**INPUT:**
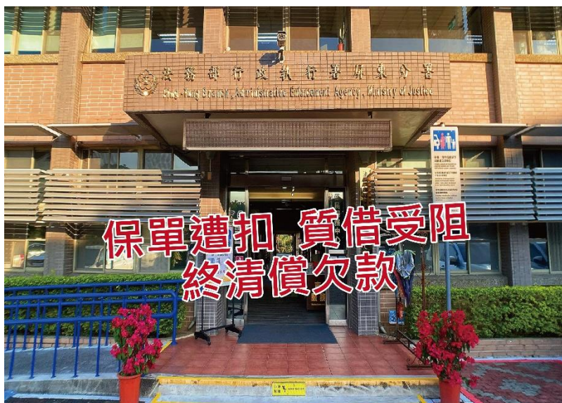
屏東執行分署追回陳年罰單與欠款
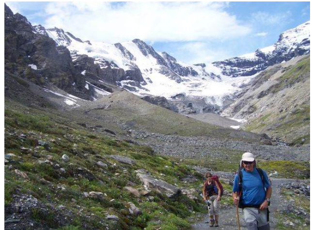
Les glaciers ne sont jamais très loin
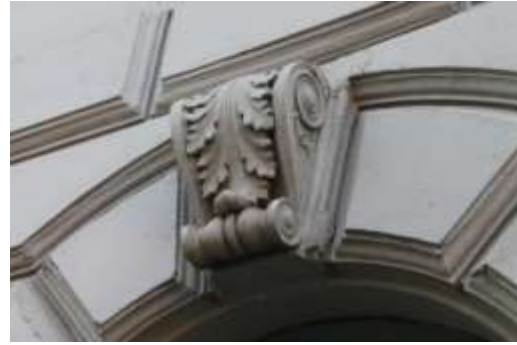
Slika 3. Detalji fasada na zgradama u centru grada Tuzle
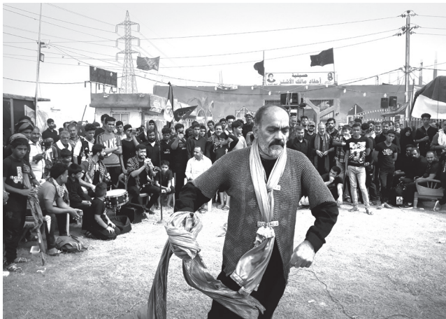
تصویر ۳. تعزیه‌خوان اراکی در حال اجرای تعزیه در عراق
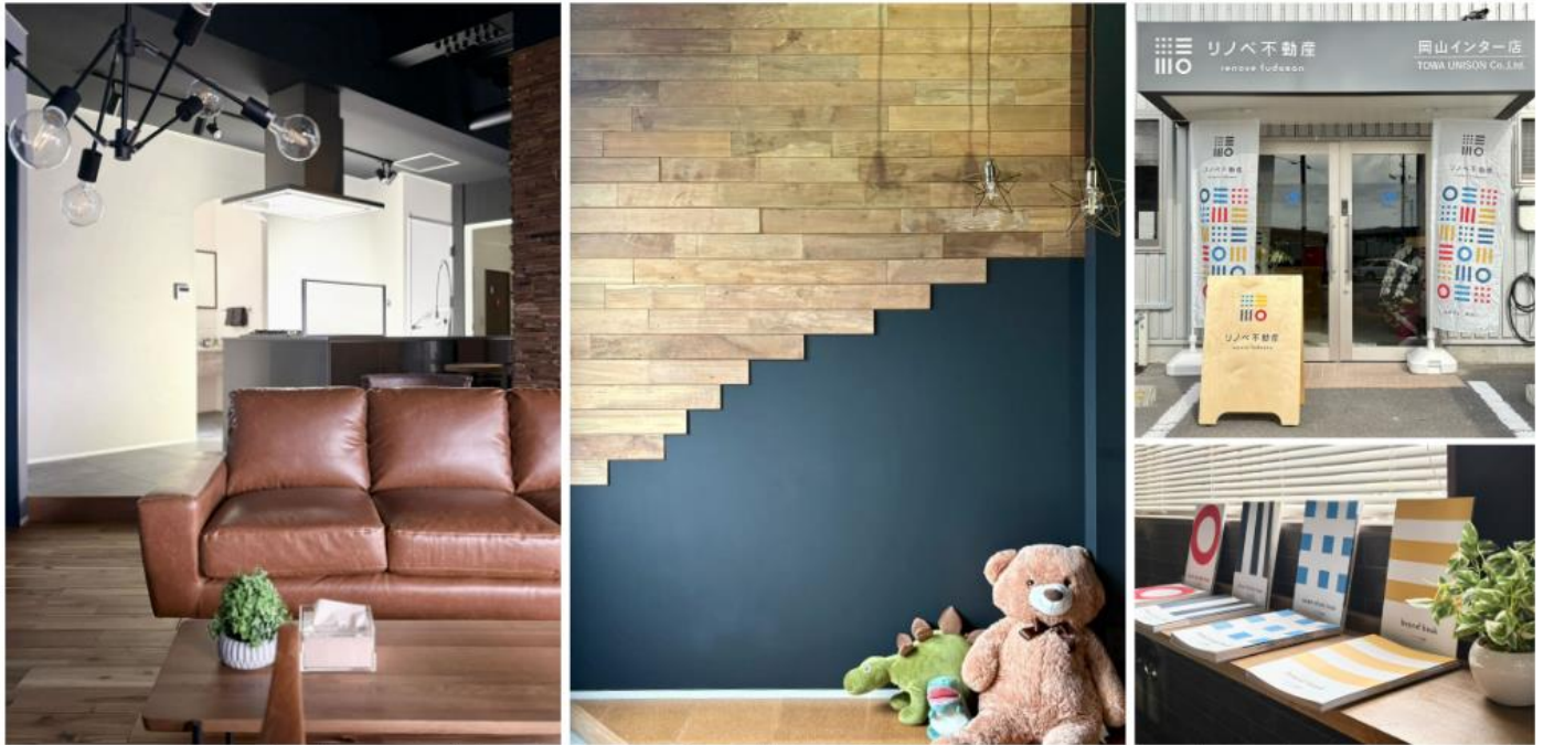
キッズスペースもございますので、お子様連れのご家族でも安心してお打ち合わせをすることが可能です。お住まい探しでご不明点等ございましたら、お気軽にご相談くださいませ。

ぜひお気軽にショールームへお越しください。皆さまのお越しを心よりお待ちしております。
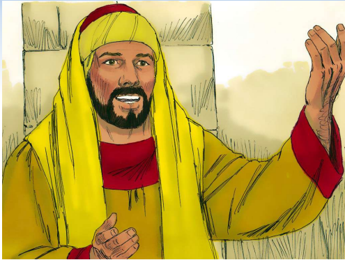
有錢年青的官 (路加十八章)
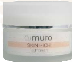
SKIN RICH Nightcream

Eine reichhaltige, regenerierende Nachtcreme mit Mandelöl, Vitamin E, Weizenkeimöl, Harnstoff, Milchsäure und Gelee Royal. Der Fett- und Feuchtigkeitsgehalt und die Regenerationsfähigkeit der Haut werden nachhaltig unterstützt. Die hochwertigen Inhaltsstoffe wirken beruhigend und glättend und sorgen für ein angenehmes geschmeidiges Hautgefühl.
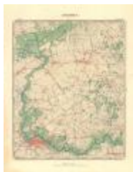
Dépot de la Guerre: Lokeren (Lokeren A4)
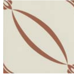
20x20 Berlino Cotto AHB3 - 134 MQ
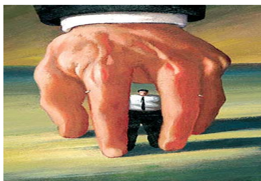
تصویر شماره ۳/نشریه سامان/شماره ۸۰
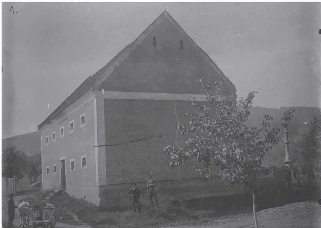
Obr. 11: Kontribučenská sýpka ve Zlíně v roce 1903. Napravo kříž z Langovy dílny. Zapůjčil MZA Brno, SOkA Zlín. |

Kamenické zakázky samozřejmě netvořily jen celokamenné kříže, podstavce pro kříže litinové či jiné zakázky více či méně výtvarného charakteru. Kameník byl oslovován i na práce prostší povahy – do jeho sortimentu tak patřily schodišťové stupně, prahy, ostění, mlecí kameny a mnoho dalšího. Samostatnou oblastí pak jsou náhrobní kameny a kříže a obecně funerální architektura. Ta tvořila významnou část kamenické práce, bohužel však právě ona podléhá „módním“ vlnám, mění se a zaniká. Prokazatelně Langovo dílo z této oblasti se doposud nalézt nepodařilo.
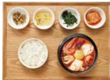
해물 순두부 꽃게:중국산
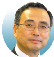
深澤 義彦 氏 鳥取市長

'78年鳥取市役所入り。'06年助役(現鳥取市副市長)に就任。'14年1月に鳥取市副市長を退任。'14年4月鳥取市長に就任。
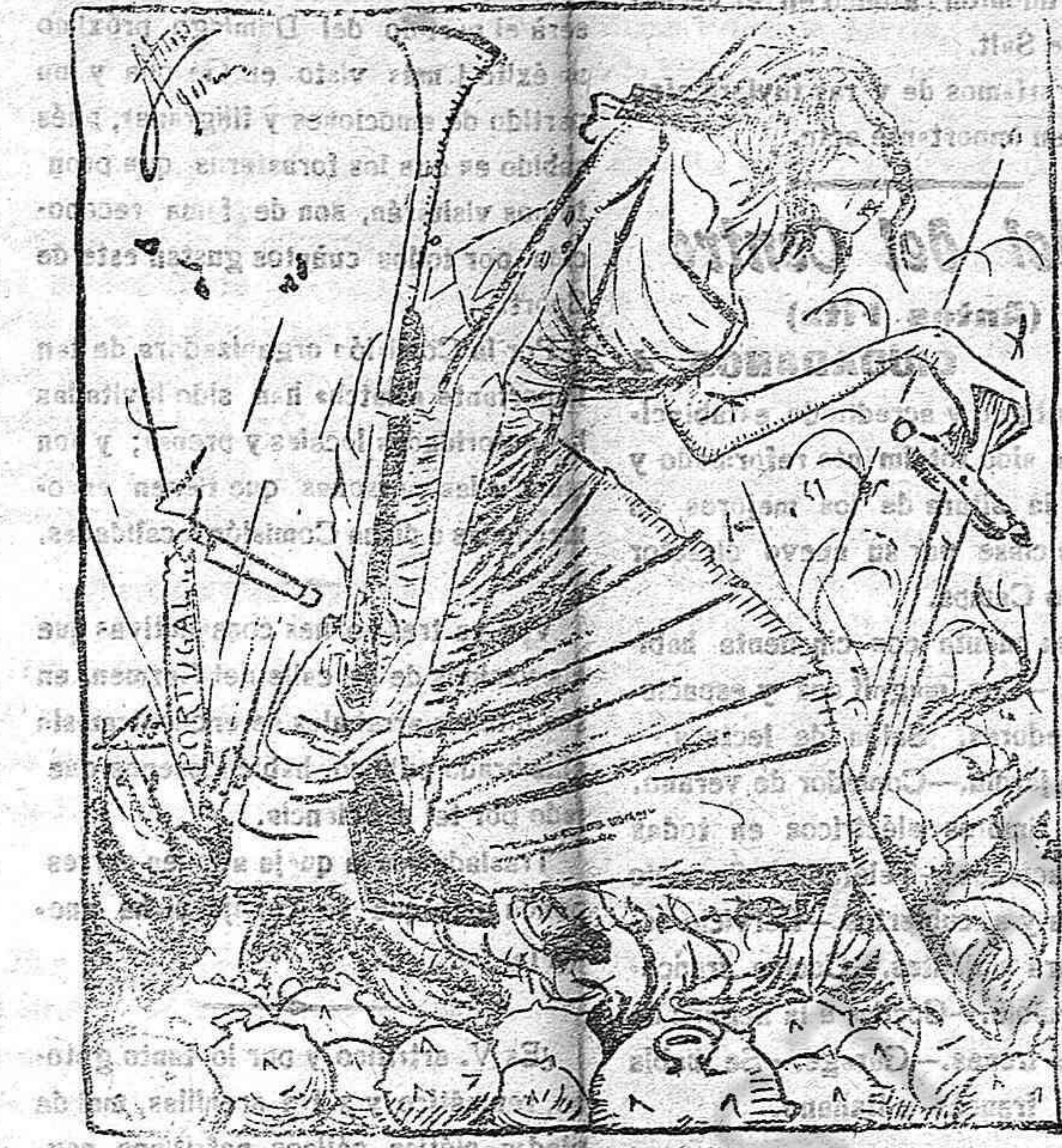
Y luego dirán que no somos dignos de pisar sobre alfombras. (Véase la clase)
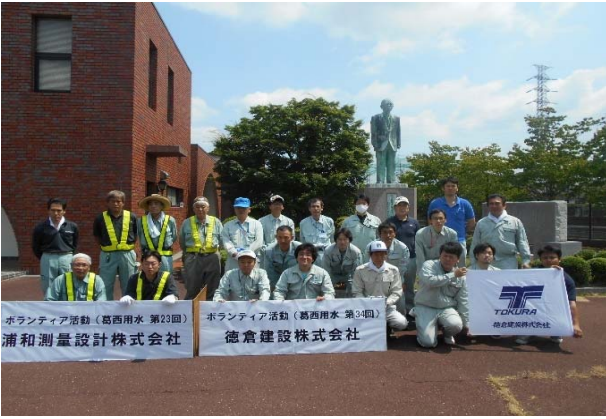
作業前 全体集合写真
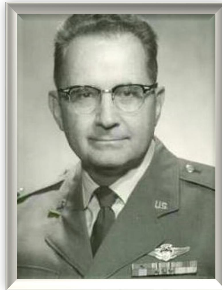
Эдвард Мерфи Американский авиаконструктор (1919 – 1990)
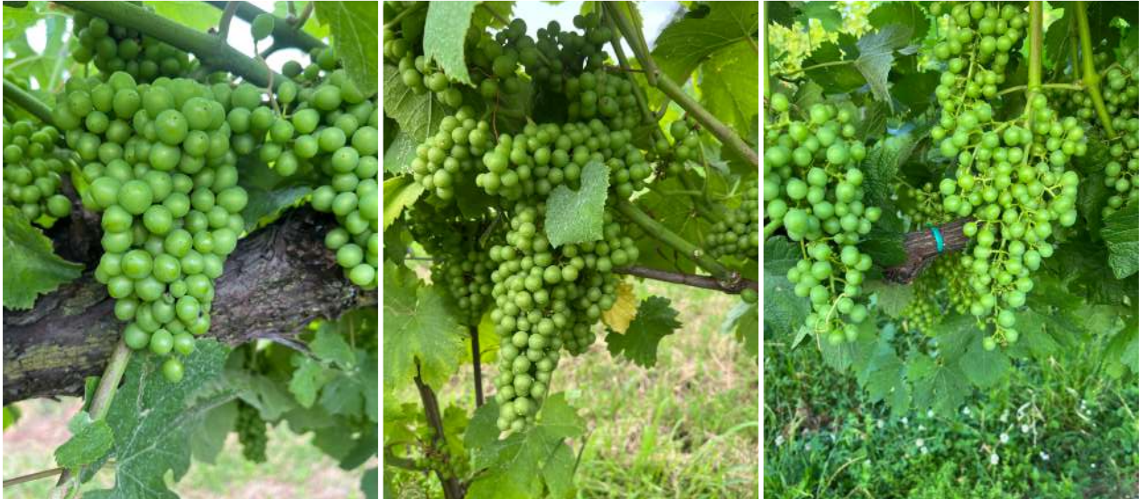
A sinistra Pinot Bianco a torre de roveri, in centro Pinot Grigio a Costa di Mezzate con chiusura grappolo. A destra Merlot in pre chiusura grappolo ad Almenno San Salvatore. Foto scattate il 01-07-2024

Cultivar tardive (Cabernet S.) acino della dimensione di un pisello - pre chiusura grappolo (BBCH 75-77)
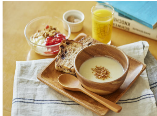
B Seasonal Potage w/ Yanesen Bread 季節野菜のポタージュ / 谷根千のパン付き

**YOUR GOAL:**
A word-for-word reproduction is needed of the lines above from the line containing "Dépot de la Guerre: Lokeren (Lokeren A4)" through the line containing "Obr. 11: Kontribučenská", with both ends kept and no pictures.

**REPLY TO THE TASK:**
Dépot de la Guerre: Lokeren (Lokeren A4)
20x20 Berlino Cotto AHB3 - 134 MQ
تصویر شماره ۳/نشریه سامان/شماره ۸۰
Obr. 11: Kontribučenská sýpka ve Zlíně v roce 1903. Napravo kříž z Langovy dílny. Zapůjčil MZA Brno, SOkA Zlín. |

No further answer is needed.